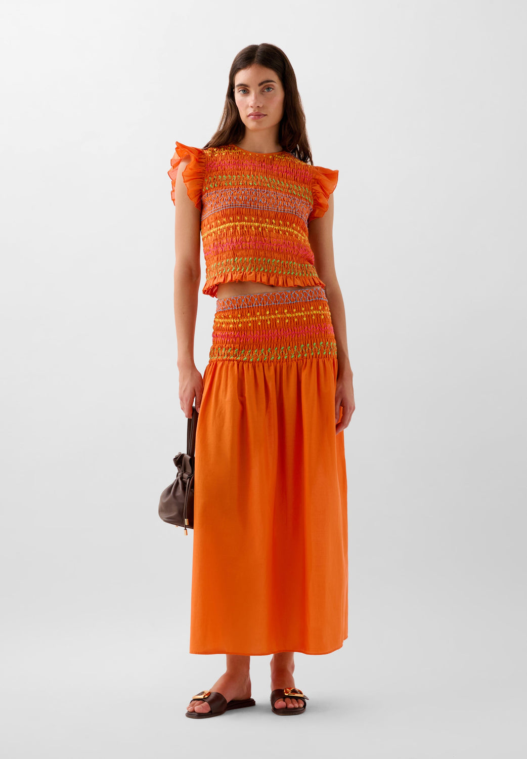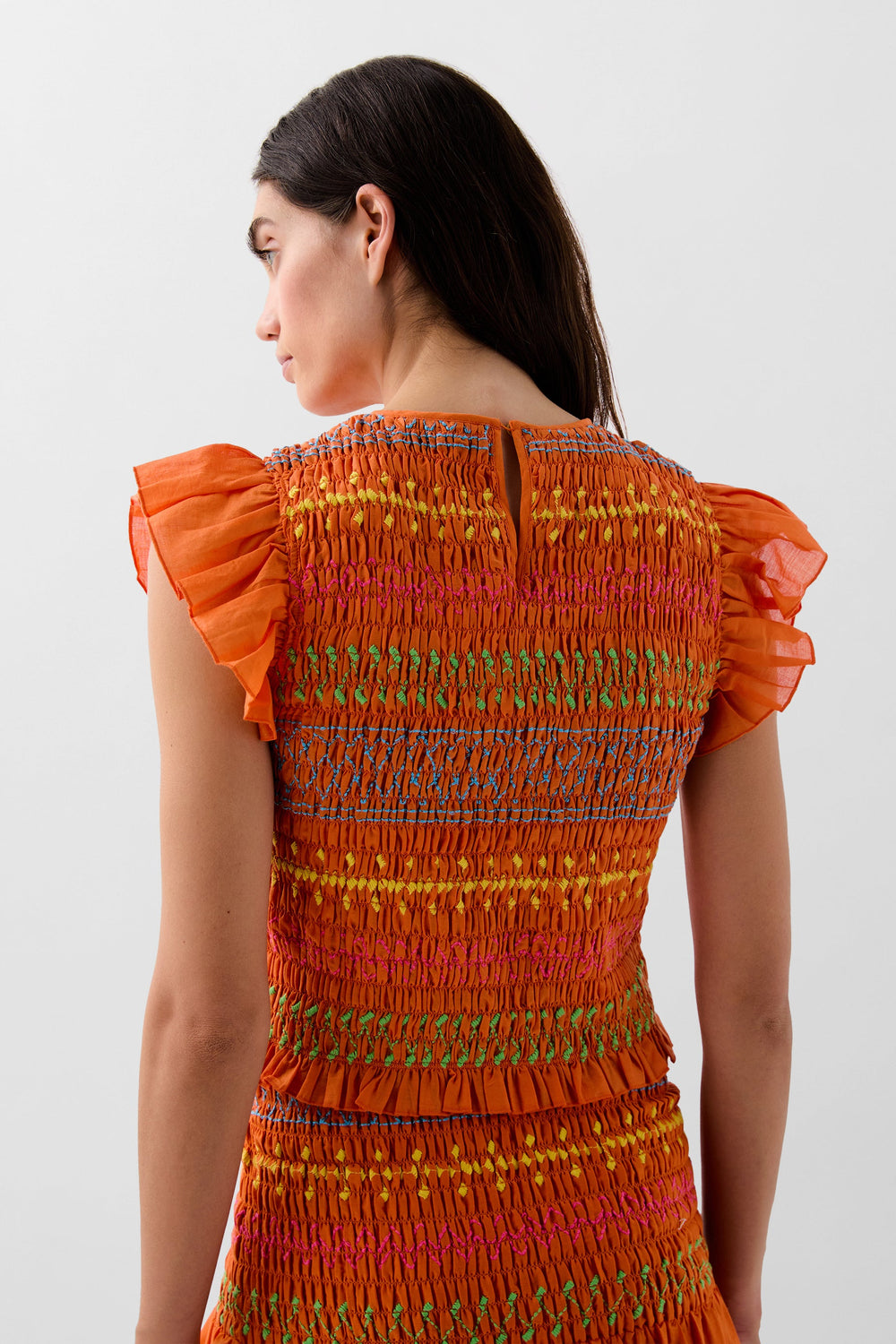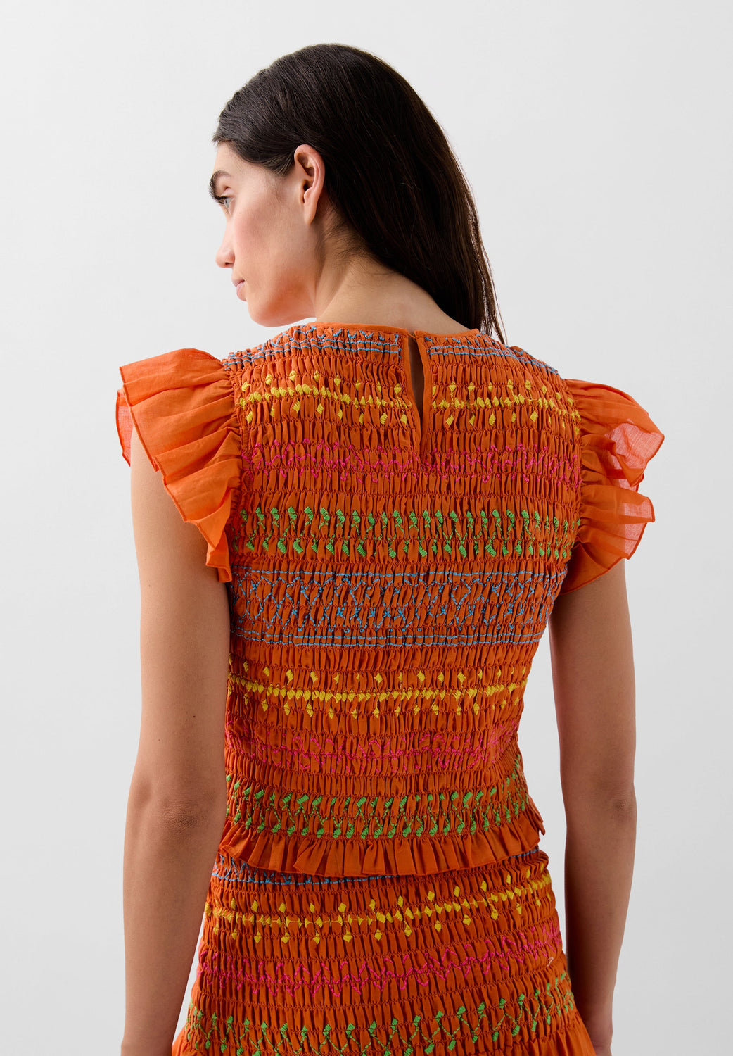 Top confeccionado en mezcla de algodón ligeramente elástico con cuerpo en nido de abeja y manga corta con ligero volante. Corte Slim fit, ligeramente cropped y cuello redondo y cierre con botón en parte trasera.
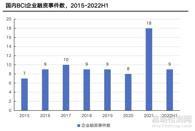 腦機接口行業(yè)融資事件爆發(fā),資本加速布局。馬斯克的Neuralink公司致力于腦機接口技術的研究,近年來發(fā)布多項研究成果引發(fā)社會廣泛關注,使得腦機接口從實驗室被推向了公眾視野,成為當下投資熱點。2021年是國內(nèi)融資事件近年來最高達18起,2022年上半年仍有9起融資事件,表明投資機構正加速對腦機行業(yè)的投資布局。
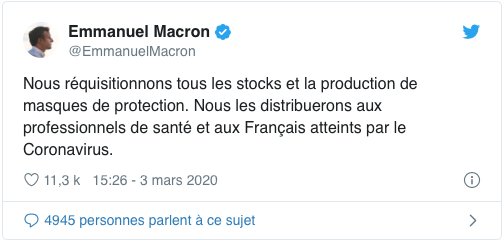 Pour preuve que le sujet est désormais pris au sérieux, c'est le Président en personne qui annonce la réquisition des moyens de production français sur son compte tweeter.
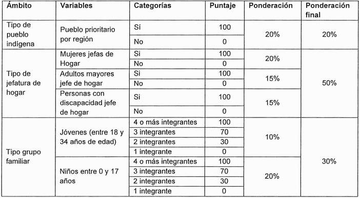 25. En función de lo acordado en la instancia de trabajo con la Comisión de Vivienda del Consejo Nacional de la Conadi, los factores para determinar el puntaje que definirá la prelación entre los postulantes serán los siguientes:
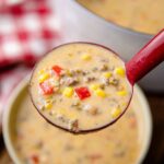A hearty and flavorful cowboy soup featuring ground beef, cheese, potatoes, beans, and a creamy roux base. Loaded with spices and vegetables, this comforting dish is perfect for a filling family meal.
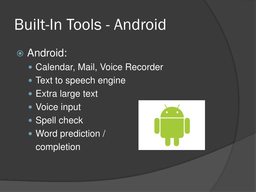Built-In Tools - Android • Android: • Calendar, Mail, Voice Recorder • Text to speech engine • Extra large text • Voice input • Spell check • Word prediction / completion
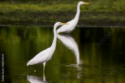 © Николай Мороз, Naklejka premium A great egret hunts on the lake.
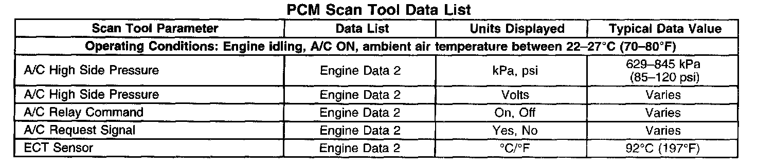 Scan Tool Data List - Powertrain Control Module (PCM)
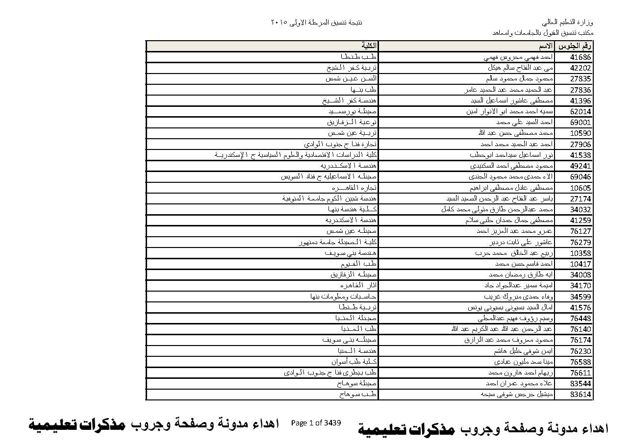 نتيجة تنسيق الثانوية العامة بالاسم 2015 حمل الملف به جميع اسماء طلاب الثانوية المتقدمين للمرحلة الاول
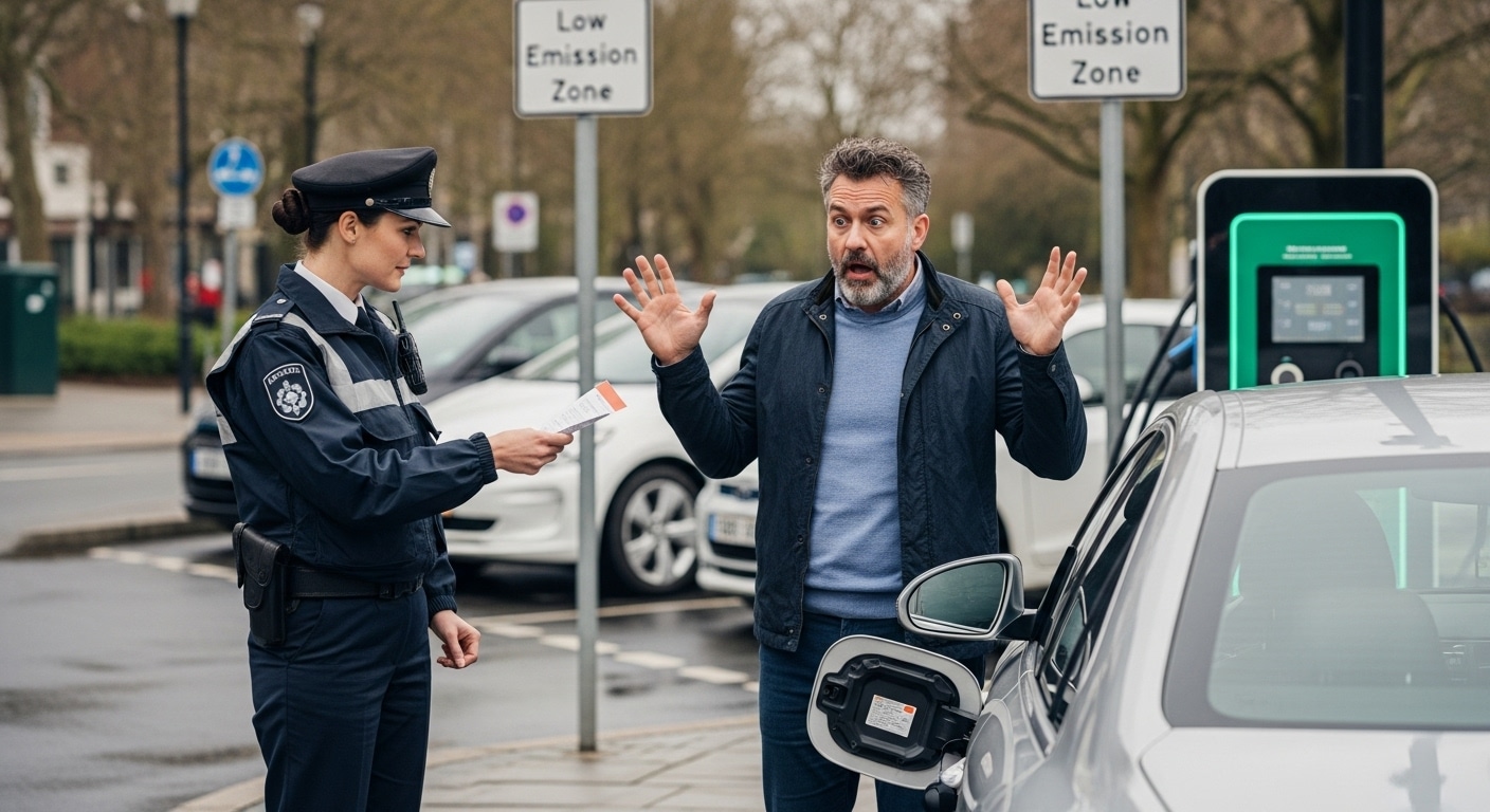Homem recebendo multa não possuir carro elétrico ou híbrido
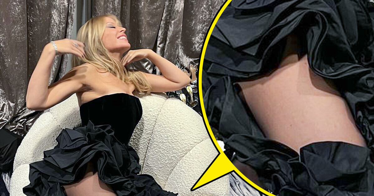 Žavioje nuotraukoje Kylie Minogue dvelkė elegancija ir įtaiga, pasipuošusi stulbinančia juoda suknele su rauktu sijonu, kuris puikiai papildė jos permatomas juodas pėdkelnes. Ši apranga demonstravo jos neįtikėtiną kūno sudėjimą ir ilgas, stangrias kojas. Ji įrodė gerbėjams, kad amžius tėra skaičius.

Try it: Write out all of the data above exactly, without any of its pictures.

Solution for this problem:
 Top confeccionado en mezcla de algodón ligeramente elástico con cuerpo en nido de abeja y manga corta con ligero volante. Corte Slim fit, ligeramente cropped y cuello redondo y cierre con botón en parte trasera.
 腦機接口行業(yè)融資事件爆發(fā),資本加速布局。馬斯克的Neuralink公司致力于腦機接口技術的研究,近年來發(fā)布多項研究成果引發(fā)社會廣泛關注,使得腦機接口從實驗室被推向了公眾視野,成為當下投資熱點。2021年是國內(nèi)融資事件近年來最高達18起,2022年上半年仍有9起融資事件,表明投資機構正加速對腦機行業(yè)的投資布局。
 Pour preuve que le sujet est désormais pris au sérieux, c'est le Président en personne qui annonce la réquisition des moyens de production français sur son compte tweeter.
 25. En función de lo acordado en la instancia de trabajo con la Comisión de Vivienda del Consejo Nacional de la Conadi, los factores para determinar el puntaje que definirá la prelación entre los postulantes serán los siguientes:
A hearty and flavorful cowboy soup featuring ground beef, cheese, potatoes, beans, and a creamy roux base. Loaded with spices and vegetables, this comforting dish is perfect for a filling family meal.
Built-In Tools - Android • Android: • Calendar, Mail, Voice Recorder • Text to speech engine • Extra large text • Voice input • Spell check • Word prediction / completion
 © Николай Мороз, Naklejka premium A great egret hunts on the lake.
 Scan Tool Data List - Powertrain Control Module (PCM)
 نتيجة تنسيق الثانوية العامة بالاسم 2015 حمل الملف به جميع اسماء طلاب الثانوية المتقدمين للمرحلة الاول
Homem recebendo multa não possuir carro elétrico ou híbrido
 Žavioje nuotraukoje Kylie Minogue dvelkė elegancija ir įtaiga, pasipuošusi stulbinančia juoda suknele su rauktu sijonu, kuris puikiai papildė jos permatomas juodas pėdkelnes. Ši apranga demonstravo jos neįtikėtiną kūno sudėjimą ir ilgas, stangrias kojas. Ji įrodė gerbėjams, kad amžius tėra skaičius.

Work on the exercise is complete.